A few weeks before I met Aniello, I saw Glazer and Jacobson give speeches at the Girls Write Now Awards, a gala for a writing mentorship nonprofit. (Full disclosure: I volunteer with the organization.) Glazer approached the podium in a dress shirt and tie, wrestled the mic loose from its stand, and, with bravado cut through with a dash of nervousness, addressed a crowd that included Zadie Smith and Melissa Harris-Perry. It was a powerful speech, and a particular section of it has stuck with me.

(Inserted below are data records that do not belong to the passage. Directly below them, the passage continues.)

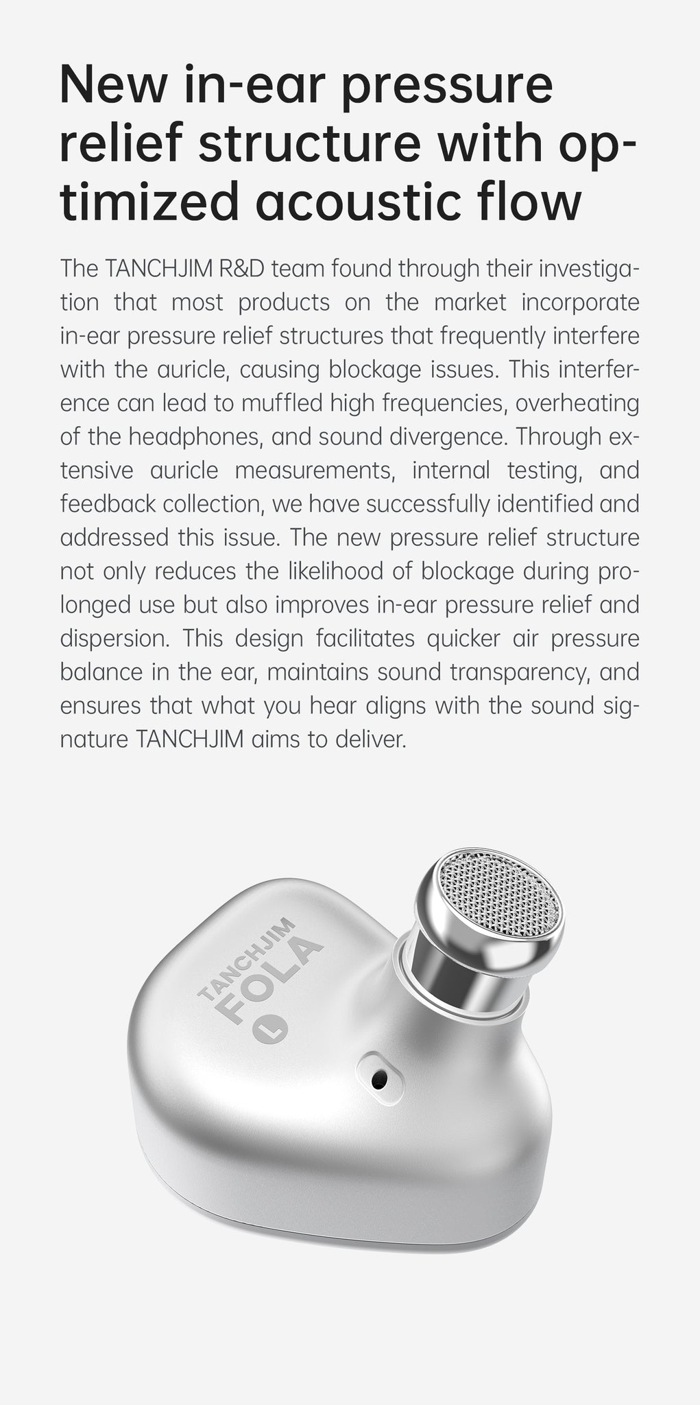 > The TANCHJIM R&D team found through their investigation that most products on the market incorporate in-ear pressure relief structures that frequently interfere with the auricle, causing blockage issues. This interference can lead to muffled high frequencies, overheating of the headphones, and sound divergence. Through extensive auricle measurements, internal testing, and feedback collection, we have successfully identified and addressed this issue. The new pressure relief structure not only reduces the likelihood of blockage during prolonged use but also improves in-ear pressure relief and dispersion. This design facilitates quicker air pressure balance in the ear, maintains sound transparency, and ensures that what you hear aligns with the sound signature TANCHJIM aims to deliver.
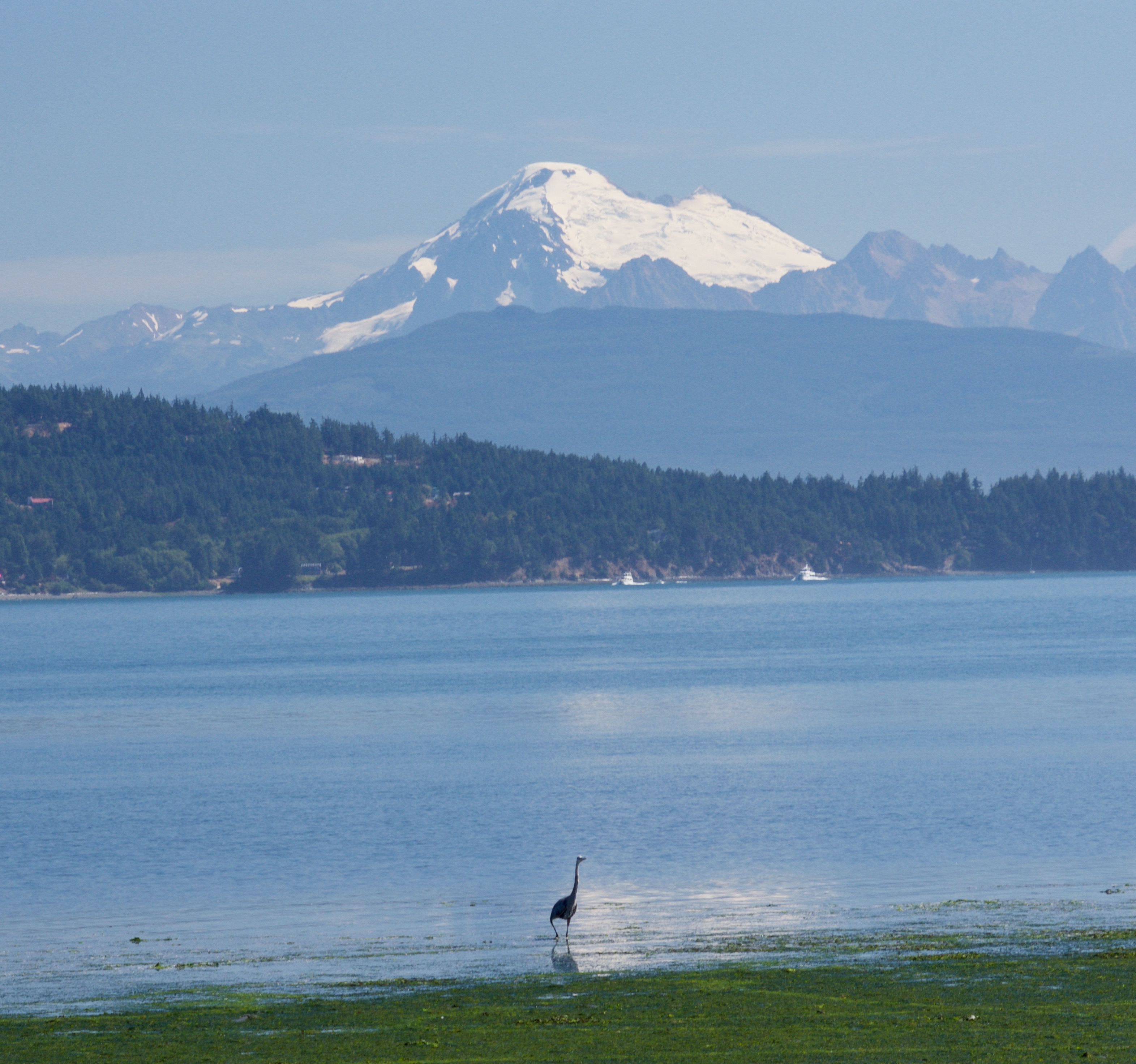 We decided to go on an Orca Whale Watching Tour with Aaron Photos. We met up with our tour group (5 other people plus Aaron) this morning and headed to Anacondas to catch the ferry. While we were waiting for the ferry we spotted this blue heron and he was kind enough to pose in front of Mt. Baker
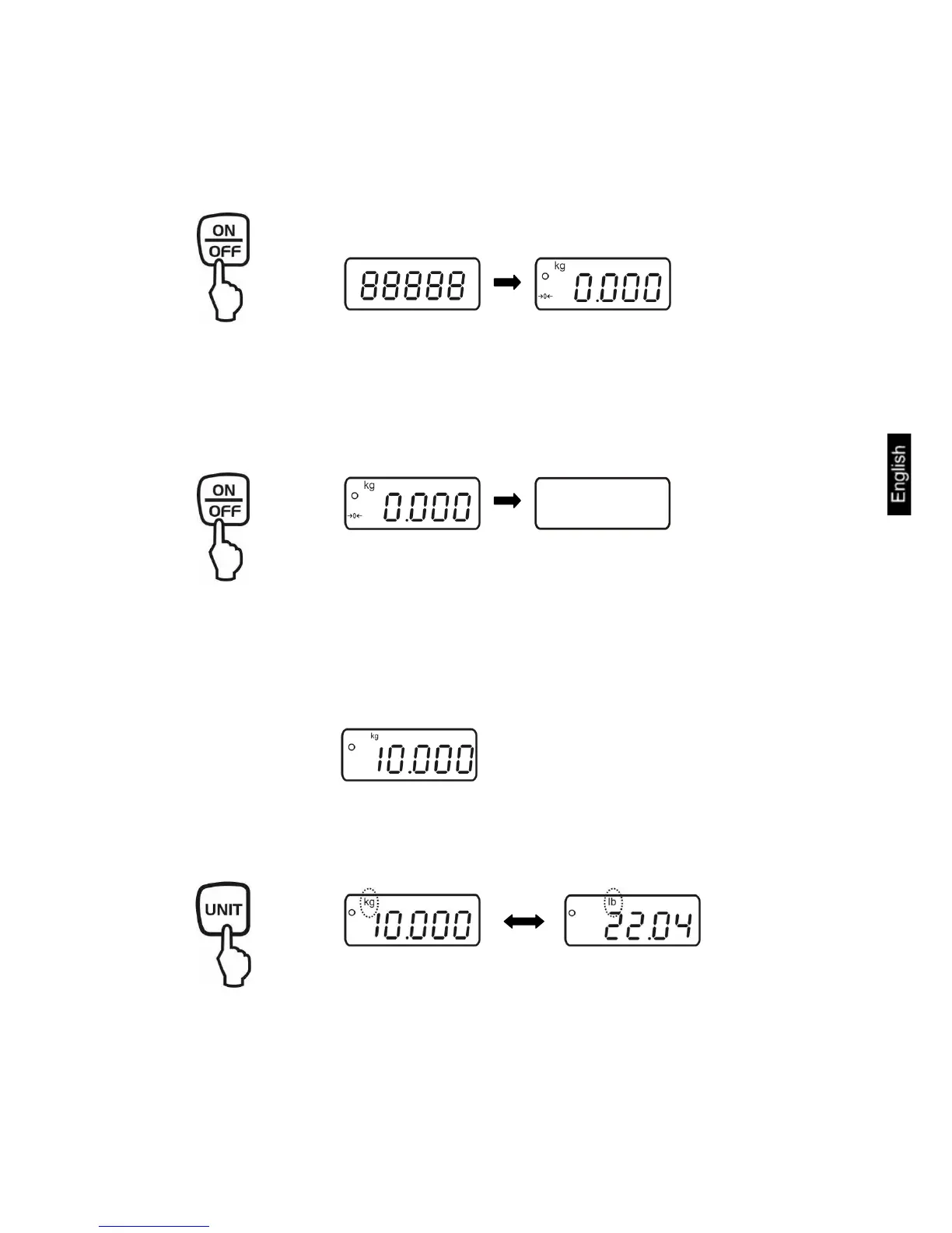 Ö By pressing the UNIT button the weighing result can be
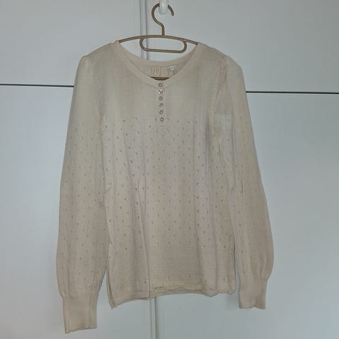 Retrotyylinen alas levenevä neulepaita kultakimaltein. Kainalo-kainalomitta 50cm ja olka-helma 62cm. Rintamuotolaskokset sivusamoissa. Vyö kuuluu mukaan. Pakettiautomaatti 6.90e
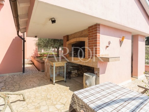 Prostrana okućnica ove velebne vile omogućava uživanje u druženju s obitelji i prijateljima na ljetnoj kuhinji na kojoj se nalazi zidani roštilj sa stolom za objedovanje, bazen te vanjski tuš.
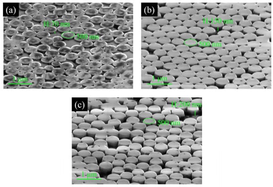 Figure 4 shows the SEM pictures of GaN nanopillars with three different etching depths. A vertically arranged GaN nanopillar structure can be obtained after ICP etching under a single-layer SiO2 nanosphere array with a diameter of 500 nm coated on a fully structured sample. As shown in Figure 4a, a 70 nm nanocolumn structure is prepared by ICP etching. After the nanosphere mask is etched, some defects, such as voids, appear on the surface of epitaxial wafers due to the Brownian motion and capillary forces in the coating repeatability experiment. The overall surface pattern is still closely arranged in the cylinder, and a large number of nanogroove structures appear between the cylinders. The smallest groove is only tens of nanometers.
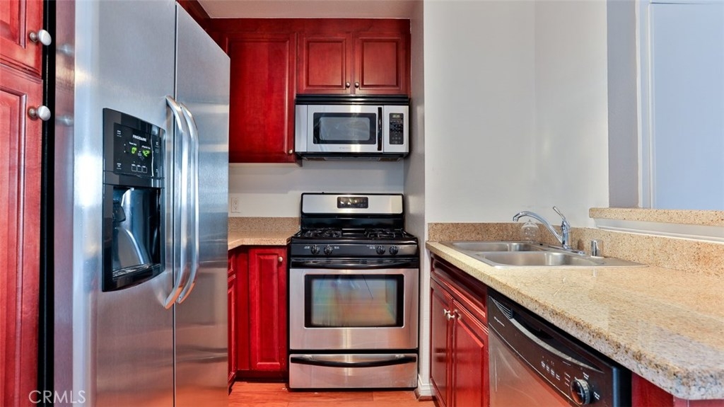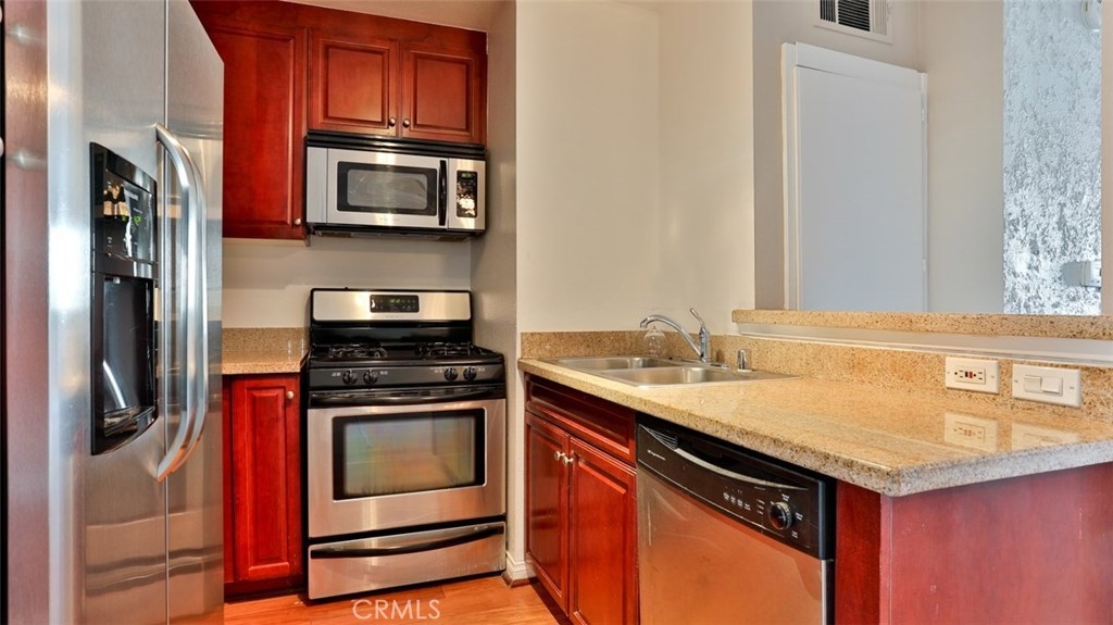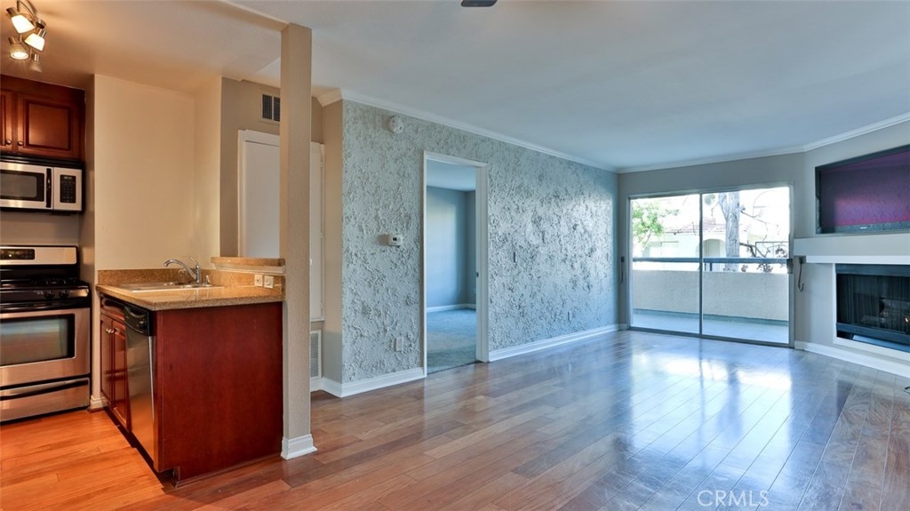 Corner unit 1 bedroom 1 bath + den, condo with large balcony and only 1 shared wall. BRAND NEW HVAC system installed July 2020. Enjoy all the benefits of living at the MET, gym with sauna, pools, hot tubs, tennis and racquetball courts . Balcony view looks out onto Juliana Pl. Laminate floors, new carpet, new paint, and crown molding throughout. 2 side by side, uncovered assigned parking spaces. 56" Samsung TV and wall mount included. Walking distance to Warner Center Park, minutes to Warner center and the Village.
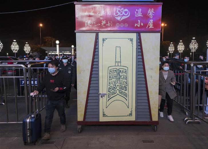 4月7日晚,旅客走进武昌火车站。 4月8日零时起,武汉市正式解除离汉离鄂通道管控措施,有序恢复对外交通。 新华社记者 费茂华摄
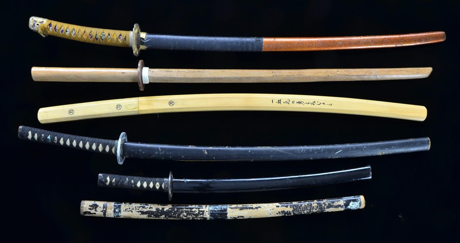 1) KATANA IN STORAGE MOUNTS. Overall length: 39". Blade length: 26 3/4". Blade has a simulated wavy irregular hamon & has a gold colored habaki. Wooden storage mounts have Japanese characters written in black. CONDITION: very light wear. 2) KATANA. Overall length: 41". Blade length: 29". Blade has a simulated wavy irregular hamon. Copper habaki. Black pot metal tsuba. Black wrapped tsuka. Wooden saya. CONDITION: general light wear. Oxidation on tsuba. Broken saya. 3) WAKIZASHI. Overall length: 27". Blade length: 19". Blade has a simulated wavy hamon. Copper habaki. Gilt highlighted black metal tsuba. Black wrapped tsuka. Wooden saya. CONDITION: general light wear. Blade edge has several nicks. 4) KATANA. Overall length: 41". Blade length: 28 3/4". Blade has a simulated wavy irregular hamon. Copper habaki. Gold pot metal tsuba. Brown wrapped tsuka. Wooden saya w/ speckled copper finish. CONDITION: blade shows significant oxidation. Tsuka shows moderate wear. Saya has electrical tape repairs. 5) PRACTICE KATANA. Overall length: 39 1/2". Blade length: 29". A solid wood practice katana w/ a plastic tsuba & habaki. CONDITION: light wear. 6) KATANA SAYA. Overall length: 28 1/2". Black painted wooden saya. CONDITION: relic. (02-14493/BF). $100-300.

"Malcolm Gladwell — not a woman, bear with me one second — Malcolm Gladwell said his thing about 10,000 hours," Glazer said, "that a person needs to do something for 10,000 hours to achieve mastery in a field. Great, love it. OK.
"But, ladies," she continued, "please do not wait until the ten-thousandth hour to put your shit out there. Men and boys get to occupy that big, fat middle section of the bell curve, of mediocre TV shows, of meh movies, of books that are just … fine. They get to profit off this huge chunk of the industry, so why can’t you occupy some of that space before your work is absolutely prim and perfect?"
Constructive criticism is valuable, and it is important to call things out when they really do offend us. But it’s also possible to see how an overrepresentation of this criticism and the pressure on a film to Mean Something For All Women hinder it from getting written at all. But there is a certain point when, especially for women and other minorities who do not see themselves represented onscreen, this pressure internalizes into self-doubt, when the desire to make a "perfect" film might result in not making one at all.
"Just keep making it and build something," Glazer said. "And make money from it along the way. Along the way. Not just at the top. Don’t wait."
There was a raucous applause. Glazer sighed, as if at the entire world, "And God forbid us women enjoy ourselves a bit."

"I’m feeling really good," Aniello says once our plates have been cleared away. "I think I have anxiety during making anything, because I always feel like it could be better, I could always go back and do reshoots. But once that door closes and it’s like, OK, here’s what it is, then the anxiety goes away."
Or, at least most of it does. She’s aware that the stakes are higher than they should be, and that Rough Night has the potential to create a ripple effect — for good or ill. "There aren’t so many female comedies in general, so when one of them comes out, it better do well," she says. "You don’t wanna inadvertently narrow the path for whoever’s coming behind you."
But she notes that in the lead-up to the premiere she has been able to detach a bit because, unlike some directors, Aniello doesn’t see herself as an auteur so much as an orchestrator of many collaborators. "I’m really proud of the work a lot of people have done on it aside of even myself," she says. "So I’m able to look at it outside of myself."
Her therapist, surprisingly, has given her permission to read the reviews. "I’m not gonna read all the tweets, of course," she says, laughing. "But I think I probably will read the reviews. I’m excited because I love the movie, so I hope they do too.
"But no matter what I’m gonna kiss myself on the shoulder. No matter what they say."